Мохаммед молча слушал, вспомнив, как она жаловалась на мужчину, отвергшего ее. Не молодой любовник. Человек, с которым она была близка, как только могут быть близки мужчина и женщина. Подобная близость в самом деле одно из чудес света. Мужчина, давший ей наслаждение и изливший семя в чрево, не способное выносить дитя. Мужчина, которого, по собственному признанию, она любила.
Вихрь эмоций подхватил его. Ревность к глубине ее чувств к усопшему супругу, зависть к долгим годам дружбы, которую они питали друг к другу, непонимание, как утешить женщину, появившуюся в его жизни, только чтобы дать ему силы и уверенность в себе.
На помощь пришла ярость. Как смеет он ощущать потребность в поддержке, не имея средств, чтобы выразить ее?!
Евнухи не могут позволить себе нежных чувств.

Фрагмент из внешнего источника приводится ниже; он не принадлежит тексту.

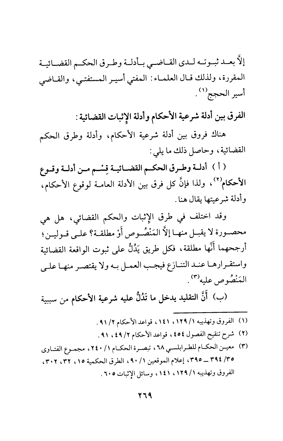 (¬3) معين الحكام للطرابلسي 68، تبصرة الحكام 1/ 240، مجموع الفتاوى 35/ 394 - 395، إعلام الموقعين 1/ 90، الطرق الحكمية 15، 32، 302، الفروق وتهذيبه 1/ 129، 141، وسائل الإِثبات 605.

— И давно вы овдовели? — резко спросил он.
— Два года назад.
— И сколько мужчин с тех пор перебывало в вашей постели? Или у вас вошло в привычку навещать спальни чужих мужей еще до смерти вашего собственного? — допытывался он, внутренне сжимаясь от своей жестокости и все же стараясь доказать, что она шлюха, если не по профессии, то по призванию. Желая уничтожить связь, возникшую между ними ночью, из опасения, что она станет ожидать большего, чем он может дать. Жалкий евнух… которым он не хотел казаться.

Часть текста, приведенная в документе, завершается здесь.